Good fit High ROI use cases

  • Long system prompts repeated across every conversation (>1K tokens)
  • RAG / document Q&A — same document, many questions in sequence
  • Agentic loops — tool definitions and growing context reused turn-over-turn
  • Claude Code sessions — CLAUDE.md and file context cached across the session
  • Few-shot prompts with large example banks sent on every request
  • Legal / compliance review — policy documents queried repeatedly

Poor fit Low ROI use cases

  • One-shot queries — no cache hit possible, you only pay the write premium
  • Short system prompts under 1,024 tokens — caching never activates
  • Highly dynamic context that changes on every call
  • Infrequent calls spaced more than 5 minutes apart (TTL expires, repeated writes)
  • Output-heavy workloads where input cost is already a small fraction of the bill
  • Very short conversations where context doesn't accumulate enough to hit the minimum

Frequently Asked Questions

How much do Claude prompt cache tokens cost?

Cache write tokens cost 25% more than standard input tokens — a one-time fee to populate the cache. Cache read tokens cost approximately 10% of the standard input price, roughly 90% cheaper than a fresh input read. Exact rates: Haiku 4.5 cache write $1.00/M, cache read $0.08/M. Sonnet 4.6 cache write $3.75/M, cache read $0.30/M. Opus 4.7 cache write $18.75/M, cache read $1.50/M.

What is the minimum size for Claude prompt caching to activate?

A cacheable block must be at least 1,024 tokens to be eligible for caching. Shorter blocks are not cached regardless of the cache_control setting — no error is thrown, the flag is simply ignored. The cache TTL is 5 minutes by default; subsequent API calls within 5 minutes that include the same cached block will be charged the cache read rate. Each hit resets the TTL.

When does prompt caching save the most money?

Caching saves most when: (1) you have a long system prompt (>1K tokens) that is the same across many conversations, (2) you are doing document or RAG queries where the document stays fixed across multiple questions, (3) you are running agentic loops where tool definitions and context accumulate turn-over-turn. Caching saves least for one-shot queries with no repeated context — in those cases you pay the 1.25× write premium with no offsetting cache hits.

How do I enable prompt caching in the Claude API?

Add a cache_control block with type: "ephemeral" to any content block you want to cache. You can cache system prompts, user messages, tool definitions, and document blocks. The cached block and everything before it in the context window will be cached together. Minimum 1,024 tokens per cacheable block.
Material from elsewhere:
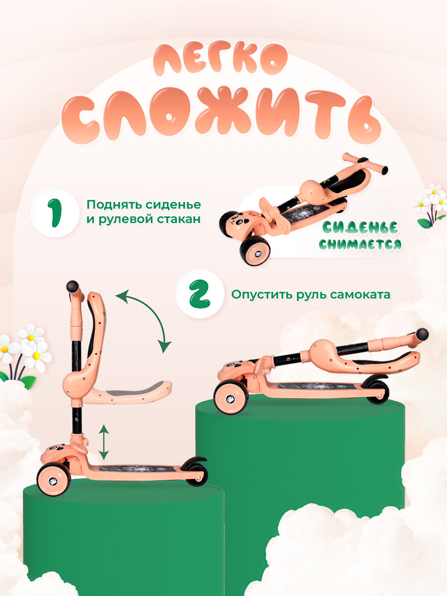СохранитьСамокат 3-х колесный складной с сиденьем COMIRON Yeenot Панда, светящиеся колеса интересное:

You can place up to 4 cache breakpoints in a single request, which lets you cache multiple independent sections (e.g. system prompt + document block) in one call.

Does prompt caching work with the Batch API?

Yes. Prompt caching is fully compatible with the Batch API. Cache write tokens are charged at the standard (non-discounted) cache write rate. Cache read tokens are also charged at the standard cache read rate. The 50% Batch API discount applies only to uncached input tokens and output tokens — not to cache write or cache read tokens. Combining caching and the Batch API can yield very large savings on high-volume async workloads with repeated context.